━━ Material provided ━━

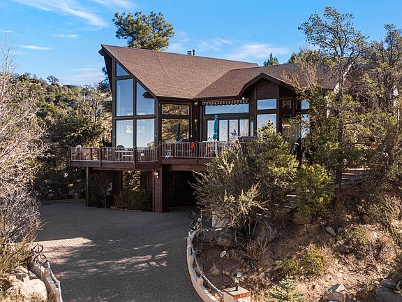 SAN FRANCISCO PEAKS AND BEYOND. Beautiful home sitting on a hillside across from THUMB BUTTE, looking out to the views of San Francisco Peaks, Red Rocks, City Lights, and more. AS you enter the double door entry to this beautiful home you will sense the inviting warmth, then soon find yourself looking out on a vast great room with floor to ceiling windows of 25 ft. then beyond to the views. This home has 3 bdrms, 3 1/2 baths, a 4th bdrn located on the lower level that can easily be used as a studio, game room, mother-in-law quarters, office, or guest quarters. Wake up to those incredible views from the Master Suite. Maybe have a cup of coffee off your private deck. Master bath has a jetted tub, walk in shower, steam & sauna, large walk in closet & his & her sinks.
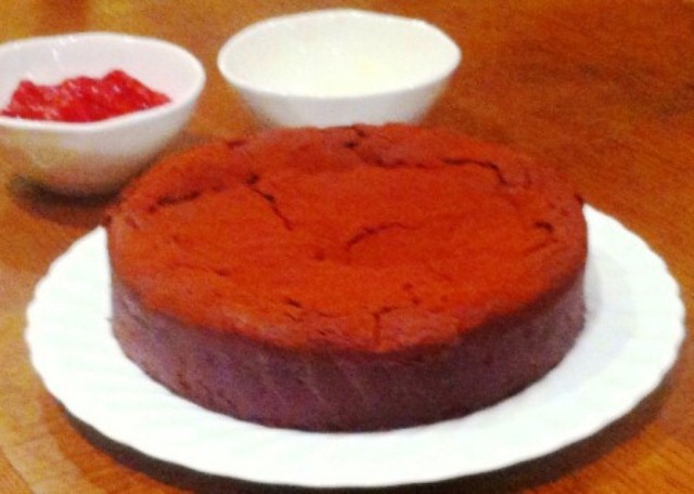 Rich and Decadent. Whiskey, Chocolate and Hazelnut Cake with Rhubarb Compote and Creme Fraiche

━━━
━━ Material provided ━━

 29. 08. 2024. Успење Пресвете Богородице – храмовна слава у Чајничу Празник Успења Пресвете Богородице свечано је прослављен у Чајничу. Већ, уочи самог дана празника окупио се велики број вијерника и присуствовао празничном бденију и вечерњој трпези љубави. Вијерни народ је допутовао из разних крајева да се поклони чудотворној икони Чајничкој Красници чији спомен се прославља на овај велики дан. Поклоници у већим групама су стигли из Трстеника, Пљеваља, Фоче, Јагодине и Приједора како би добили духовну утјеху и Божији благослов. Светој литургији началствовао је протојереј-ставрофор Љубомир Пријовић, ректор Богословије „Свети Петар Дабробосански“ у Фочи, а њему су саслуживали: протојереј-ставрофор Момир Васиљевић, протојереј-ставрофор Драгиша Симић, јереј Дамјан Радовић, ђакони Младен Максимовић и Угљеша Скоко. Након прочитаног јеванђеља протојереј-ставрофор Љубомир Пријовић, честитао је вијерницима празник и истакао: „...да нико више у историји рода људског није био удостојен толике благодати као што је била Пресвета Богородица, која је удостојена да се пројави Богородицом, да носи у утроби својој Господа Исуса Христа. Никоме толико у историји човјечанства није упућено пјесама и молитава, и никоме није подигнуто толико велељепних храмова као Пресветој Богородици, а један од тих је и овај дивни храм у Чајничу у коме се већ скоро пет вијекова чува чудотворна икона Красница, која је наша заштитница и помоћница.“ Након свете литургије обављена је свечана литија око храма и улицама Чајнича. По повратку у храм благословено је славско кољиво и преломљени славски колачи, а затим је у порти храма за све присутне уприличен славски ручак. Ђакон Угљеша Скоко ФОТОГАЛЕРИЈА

━━━
━━ Material provided ━━

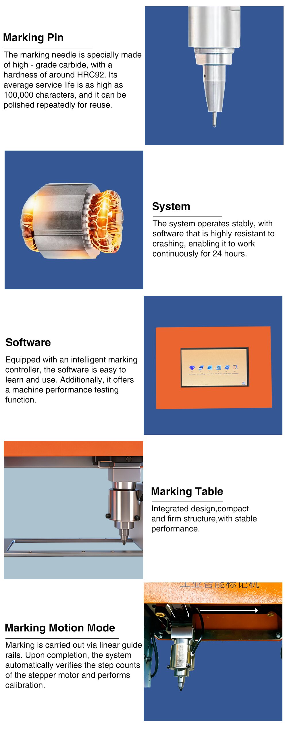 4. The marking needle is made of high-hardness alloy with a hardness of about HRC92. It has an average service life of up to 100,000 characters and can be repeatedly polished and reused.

━━━

Work to complete: Using the records above, print exactly the lines between the ones containing "SAN FRANCISCO PEAKS AND" and "Rich and Decadent.", inclusive, and nothing else; no pictures.

Response area:
 SAN FRANCISCO PEAKS AND BEYOND. Beautiful home sitting on a hillside across from THUMB BUTTE, looking out to the views of San Francisco Peaks, Red Rocks, City Lights, and more. AS you enter the double door entry to this beautiful home you will sense the inviting warmth, then soon find yourself looking out on a vast great room with floor to ceiling windows of 25 ft. then beyond to the views. This home has 3 bdrms, 3 1/2 baths, a 4th bdrn located on the lower level that can easily be used as a studio, game room, mother-in-law quarters, office, or guest quarters. Wake up to those incredible views from the Master Suite. Maybe have a cup of coffee off your private deck. Master bath has a jetted tub, walk in shower, steam & sauna, large walk in closet & his & her sinks.
 Rich and Decadent. Whiskey, Chocolate and Hazelnut Cake with Rhubarb Compote and Creme Fraiche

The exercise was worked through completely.